Exercise instructions: Below are records to repeat exactly; do not include any pictures.

▬▬▬▬▬▬▬▬▬▬

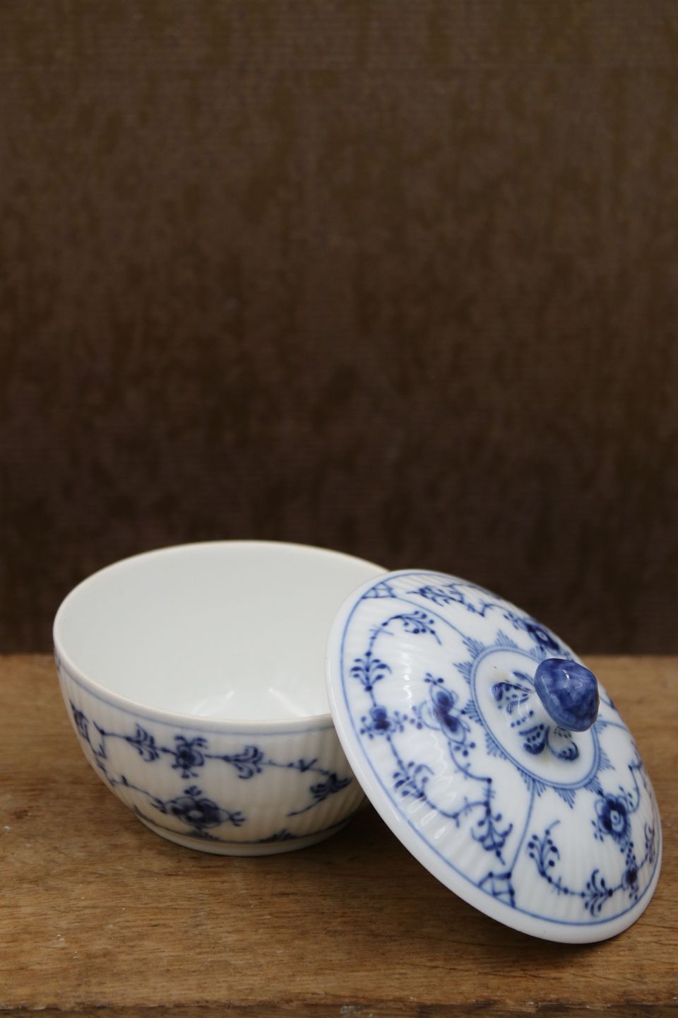 Royal Copenhagen Blue Fluted Plain sugar bowl with lid.
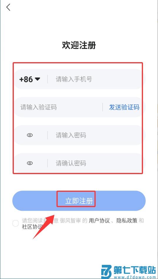 3、填写手机号码并输入验证码后设置个人专属登录密码。
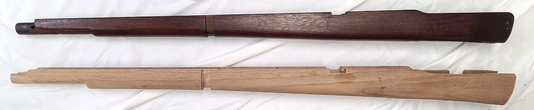 Included in this lot are 2 very nice lower full wood peices.. One is orginal and one is
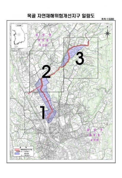 목골지구는 침수위험지구 ‘나’등급으로 면적은 19,720㎡이며 총사업비 190억원을 투자해 2021년부터 2024년까지 소하천 정비 L1.75km, 교량 재가설 15개소 등을 추진할 예정이며 국·도비 등 예산 확보여부에 따라 사업 기간, 사업내용과 규모를 확정할 계획이라고 전했다.
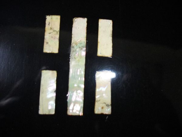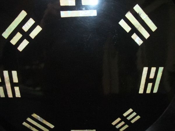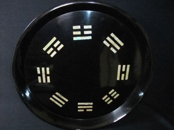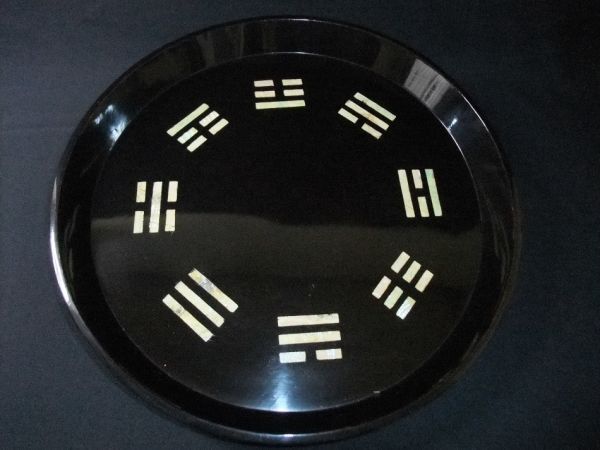 黒塗りの丸盆に青貝の螺鈿 で八卦の象嵌
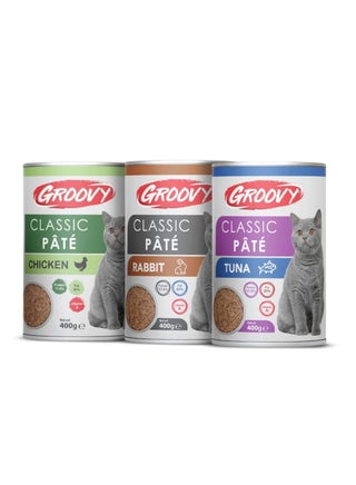 مجموعة متنوعة من جروفي مأكولات القطط الرائعة - باتيه كلاسيكي بثلاث نكهات: أرنب، دجاج، وتونة
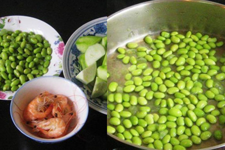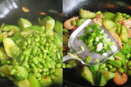 第三种:毛豆丝瓜炒海虾。
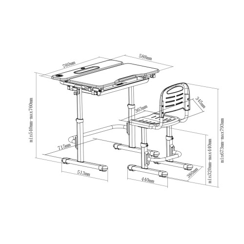Столешница размером 795x620mm, позволит ребенку правильно распределить рабочее пространство, а выдвижной ящик-органайзер позволяет держать все под рукой ( детские тетради, материалы для творчества, канцелярию)
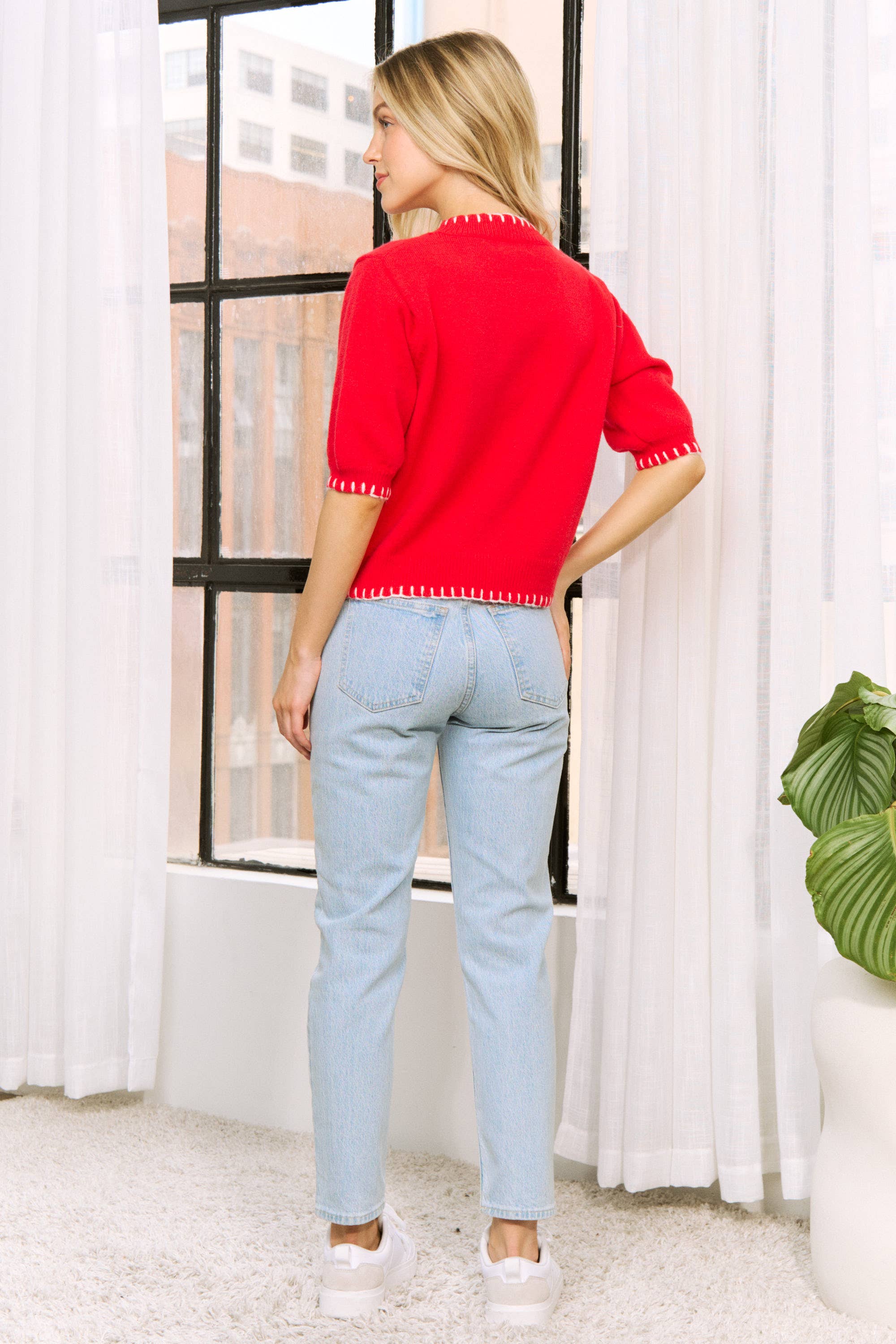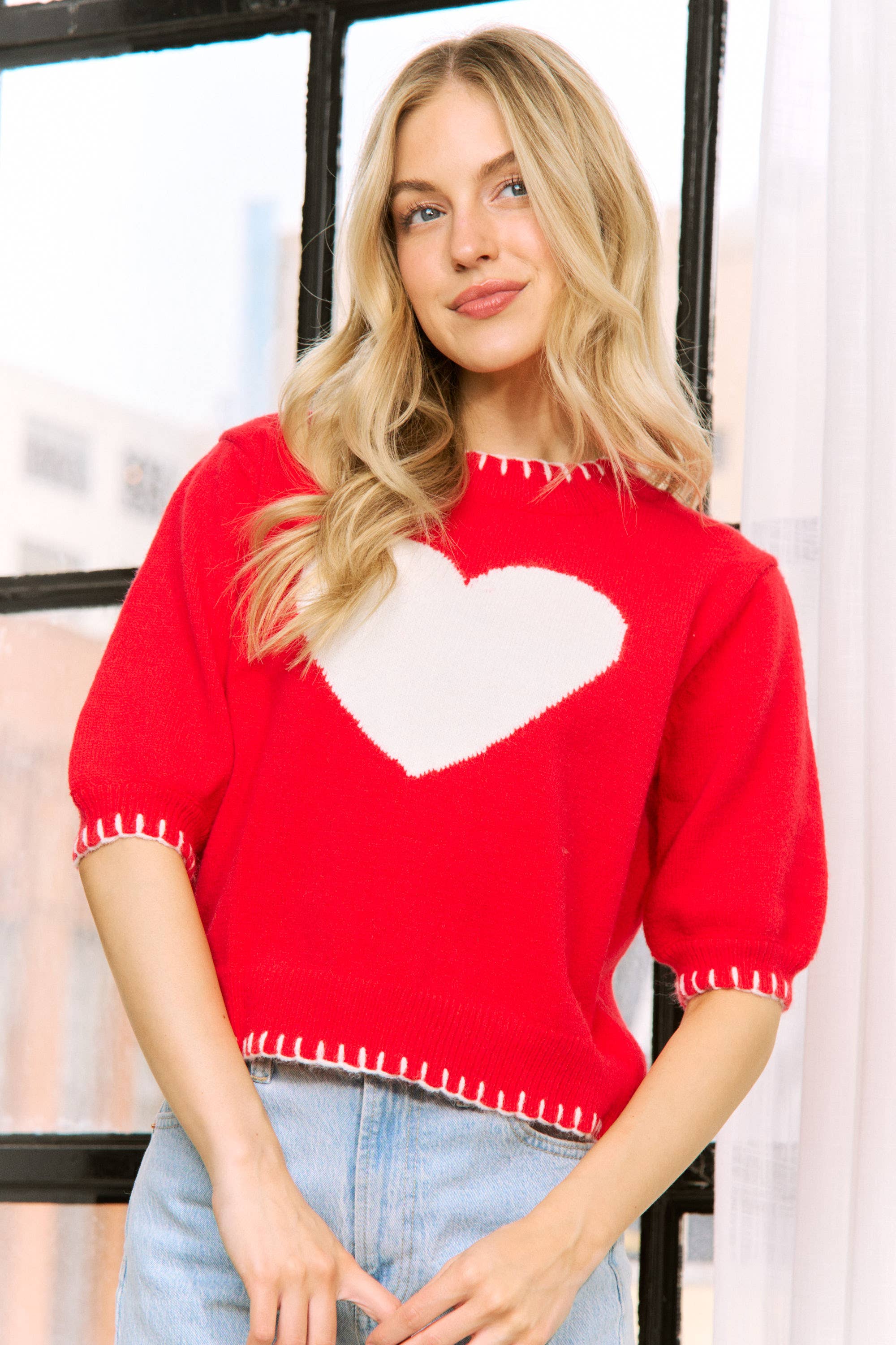 HEART CONTRAST EDGE STITCHES CASUAL PULLOVER SWEATER

▬▬▬▬▬▬▬▬▬▬

Exercise response:
 Royal Copenhagen Blue Fluted Plain sugar bowl with lid.
 3、填写手机号码并输入验证码后设置个人专属登录密码。
 Included in this lot are 2 very nice lower full wood peices.. One is orginal and one is
 목골지구는 침수위험지구 ‘나’등급으로 면적은 19,720㎡이며 총사업비 190억원을 투자해 2021년부터 2024년까지 소하천 정비 L1.75km, 교량 재가설 15개소 등을 추진할 예정이며 국·도비 등 예산 확보여부에 따라 사업 기간, 사업내용과 규모를 확정할 계획이라고 전했다.
 黒塗りの丸盆に青貝の螺鈿 で八卦の象嵌
 مجموعة متنوعة من جروفي مأكولات القطط الرائعة - باتيه كلاسيكي بثلاث نكهات: أرنب، دجاج، وتونة
 第三种:毛豆丝瓜炒海虾。
Столешница размером 795x620mm, позволит ребенку правильно распределить рабочее пространство, а выдвижной ящик-органайзер позволяет держать все под рукой ( детские тетради, материалы для творчества, канцелярию)
 HEART CONTRAST EDGE STITCHES CASUAL PULLOVER SWEATER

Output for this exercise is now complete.